Columbia Fur Company
Columbia Fur Company was a fur trading and Indian trading business active from 1821 to 1827, in Michigan Territory and in the unorganized territory of the United States. It then became the Upper Missouri Outfit of the American Fur Company.
Type | General partnership |
---|---|
Industry | Fur trade, Indian trade |
Fate | Dissolved |
Successor | American Fur Company |
Founded | 1821 |
Founder | Joseph Renville, Kenneth McKenzie, William Laidlaw, Daniel Lamont |
Defunct | 1827 |
Headquarters | |
Area served | Green Bay, Minnesota River, Lake Traverse, Missouri River |
Formation
The company was founded in 1821 when the Hudson's Bay Company and the North West Company merged, and a large number of fur traders found themselves out of job. The founders, Joseph Renville, Kenneth McKenzie, William Laidlaw and Daniel Lamont where all British subjects, so they arranged for the company's activities to be officially carried out by William P. Tilton & Co., a New York company operating out of Saint Louis.[1][2]
Operations
The company opened four trading posts at the Minnesota River in competition with the American Fur Company. Trading posts were also built at Lake Traverse and at Green Bay.[2] [3] Soon, however, the operations were extended to the West. In 1823 the company built a trading post, Fort Tilton, by the Mandan villages on the Missouri River. The company eagerly participated in the trade with the Sioux and the Cheyenne on the Northern Plains.[2] In competition with Pierre Chouteau Jr. and other fur traders from Saint Louis, the company built several trading posts on the Missouri River extending its trade to the Ponca and Omaha trade. The axle of the trade was Fort Tecumseh built where the Teton River merges with the Missouri. The company's posts were supplied from its headquarters at Lake Traverse.[1] [3] [4]
Dissolution
The company was bought by John Jacob Astor in 1827, and reorganized as the Upper Missouri Outfit of the Western Department of the American Fur Company, withdrawing its operations on the Great Lakes and leaving it to the Northern Department of the American Fur Company. Pierre Chouteau Jr. became the chief executive of the Western Department, while Kenneth McKenzie became manager of the Upper Missouri Outfit, operating above the mouth of the Big Sioux River. McKenzie built Fort Union at the mouth of the Yellowstone River as the Outfit's center of operations.[1] [5][6]
Trading posts
- Fort Floyd 1826 [7]
- Fort Lookout 1822, near Fort Kiowa.[8][9]
- Fort Tecumseh 1822 [10]
- Ponca Post, near Nanza just below the mouth of the Niobrara River.[11]

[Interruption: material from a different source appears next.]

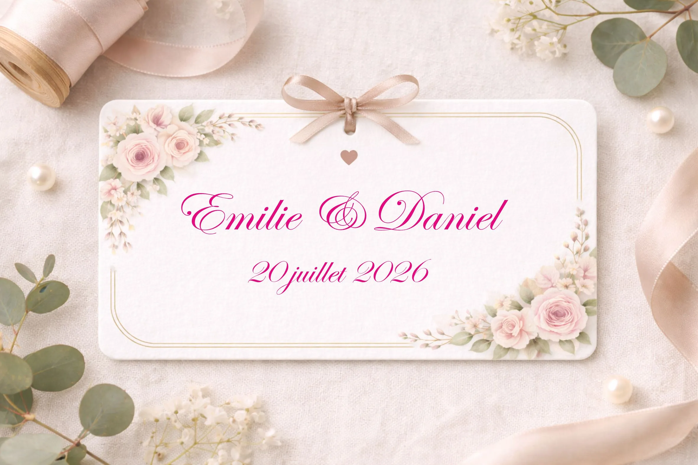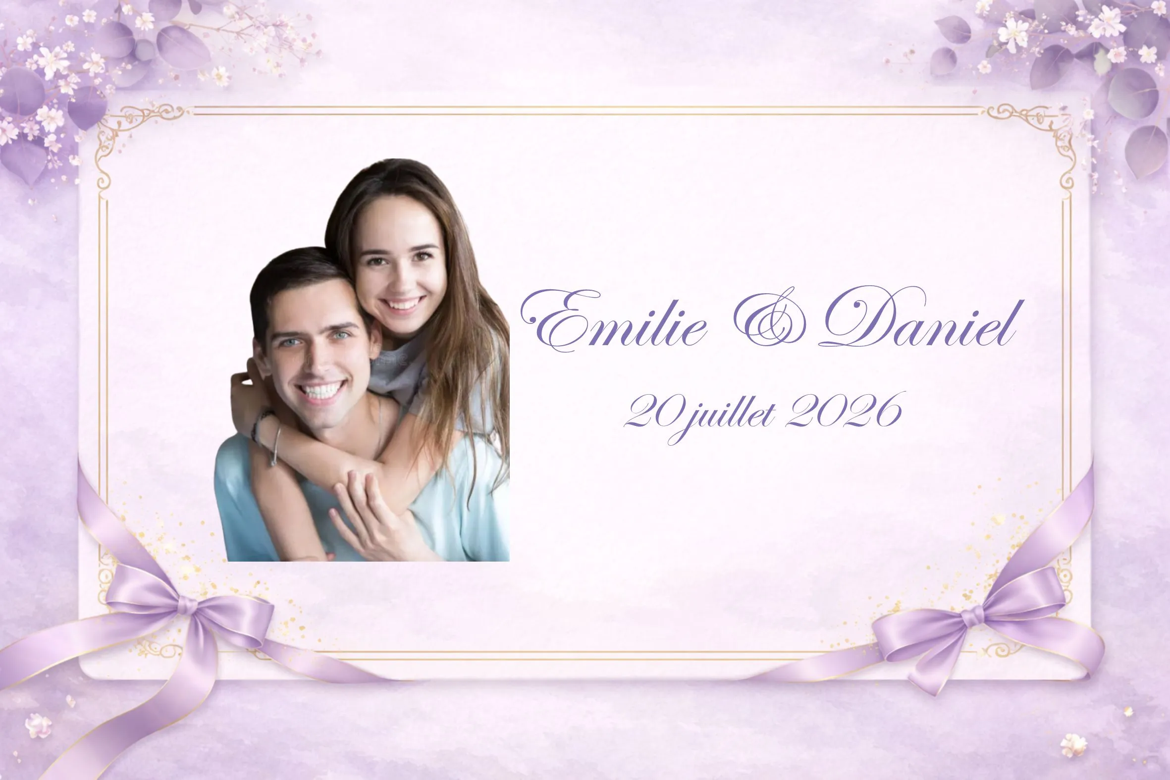 - Renseignez votre texte personnalisé (prénoms, date, message)

- Tilton's Post or Tilton's Fort, built in 1822 on the opposite site of the Missouri from the Mandan villages. In 1823 the post was moved to the villages, to get protection from Arikara attacks.[12][13]
- Post at the mouth of White Earth River, 1825-1831. Replaced by Fort Clark.[12]
When Columbia Fur Company sold out to Astor in 1827, the following posts were included in the deal:[14]
- Council Bluff
- Vermillion
- Rivière à Jacques
- Ponca Post
- Fort Tecumseh
- Mandan Villages
References
Notes
- Chittenden 1902, vol. 1, pp. 323-325.
- Jones 1966, pp. 107-108.
- Barbour 2001, p. 11.
- Wishart 1979, pp. 49-50.
- Barbour 2001, p. 17.
- Wishart 1979, p. 53.
- Barbour 2001, pp. 40-43.
- Chittenden 1902, vol. 3, p. 953.
- Robertson 1999, pp. 138, 151.
- "Columbia Fur Company Forts". Fort Wiki. Retrieved 2017-11-30.
- Chittenden 1902, vol. 3, p. 952.
- Chittenden 1902, vol. 3, p. 957.
- Wishart 1979, map, p. 49.
- Chittenden 1902, vol. 3, p. 965.
Cited literature
- Barbour, Barton H. (2001). Fort Union and the upper Missouri fur trade . Norman: University of Oklahoma Press.
- Chittenden, Hiram Martin (1902). The American Fur Trade of the Far West. New York: Francis P. Harper.
- Jones, Evans (1966). Citadel in the Wilderness. Minneapolis: University of Minnesota Press.
- Robertson, Roland G. (1999). Competitive Struggle: America's Western Fur Trading Posts, 1764-1865. Caldwell, Idaho: Caxton Press.
- Wishart, David J. (1979). The Fur Trade of the American West 1807-1840. University of Nebraska Press.